I spent virtually the entire month of August at home recovering from surgery. Before having surgery, I compiled the Granddaddy of all To-Do Lists. I figured after a few days where I did almost nothing but sleep, watch television and read, I would be hankering for something a little more productive to do in between periods of rest.
I had everything under the sun on the Granddaddy of To-Do Lists-- (but nothing that required bending or heavy lifting!) and was very much looking forward to crossing the tasks off one by one. This worked well for the first few days. I picked my favorite 2 or 3 tasks and slowly plugged away.
Somewhere along the way my whole productive plan fell through a black hole, never to be found again. Just as I was needing to rest less often and for shorter amounts of time -- the point where I could accomplish a bit more each day I fell off the wagon. For the rest of my time off I never even
looked at that to-do list! And if that wasn't enough, I didn't do anything except for the very basics, even though I had a full 10 extra hours every day. To be really blunt I squandered the lions' share of each and every day.
Oh, the guilt, bewilderment and confusion! For the life of me, I could not figure out how I let this happen. I had a lot of excuses. And before you kindly remind me of the "you-were-recovering-from-surgery-you-shouldn't-have-to-do-anything" excuse, let me just say that I was resting as often as needed and not trying to over do it. But, there is only so much rest a person can take before they start to go downhill. Being as active as you can be within the surgeon's limits actually helps you heal better, or at least it did in my case.
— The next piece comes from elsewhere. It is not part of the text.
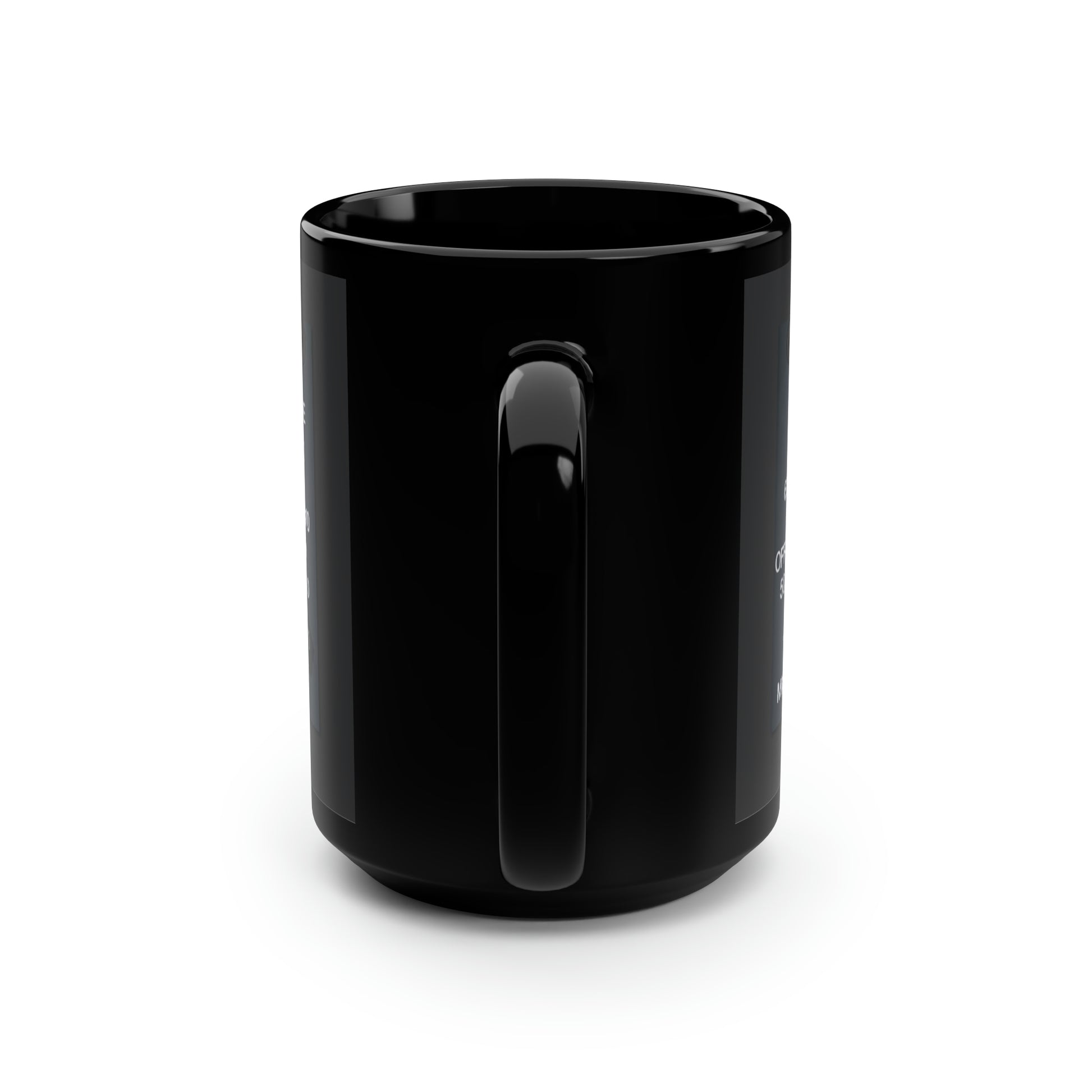 These black mugs come in one size – 15oz (0.44l) – plenty for morning caffeine boosts and hot cups of tea on a rainy day. They're easy to grip and feel sturdy thanks to the C-shaped handle. Printed on the black ceramic material in picture-perfect quality with a glossy finish.

This whole situation deeply troubled me. I've never, ever in my entire life been a time waster and deep down I knew I wasted most of every day for a good three weeks. This was serious. I would reach the end of the day and wonder what I would make for supper (even though I had a menu plan) and wonder why on earth I couldn't manage to squeeze in a load or two of laundry or pay the bills and no, I was not depressed. I've always worked diligently and productively until a task was accomplished -- even when 20 other things are going on at the same time or several people need my attention all at once. How did I let this happen? Why was I so slothful?
One day the answer dawned on me as I was asking God about it. It's so brilliantly simple that it almost seems too easy of an answer.
I awoke each morning with no plan of action for the day. I only did whatever I felt like doing.
Goodness, did this ever hit home! This was my answer! Our human nature tends toward laziness, and disorganization. We crave ease and comfort. We want to do whatever we feel like, whenever we feel like it. We want to have all fun and no work. We don't want to be accountable for how we choose to spend our time and we certainly don't want the consequences that come from squandering it.
Believe it or not, I've never had much of an opportunity to squander time until this last August. I've always had a very full schedule that demanded I become efficient in all my endeavors. As I put it one time here, I tend to work, while I'm working. It's startling to realize that given the very first chance how quickly I jumped on the proverbial band wagon of doing whatever I felt like all day, every day. Sure it's fine to take periods rest and slow down to enjoy the fruits of our labor but spend too many days doing only what you feel like and you are looking at a miserable existence.
In retrospect this was probably a very good thing for me to go through. It opened my eyes to a tendency I didn't even know I had. Most importantly, God has given me a fresh vision for how important it is for me to redeem the time.
When I prayerfully consider the day, develop a plan of action and then work dilegently toward that day's agenda it is amazing how free I feel.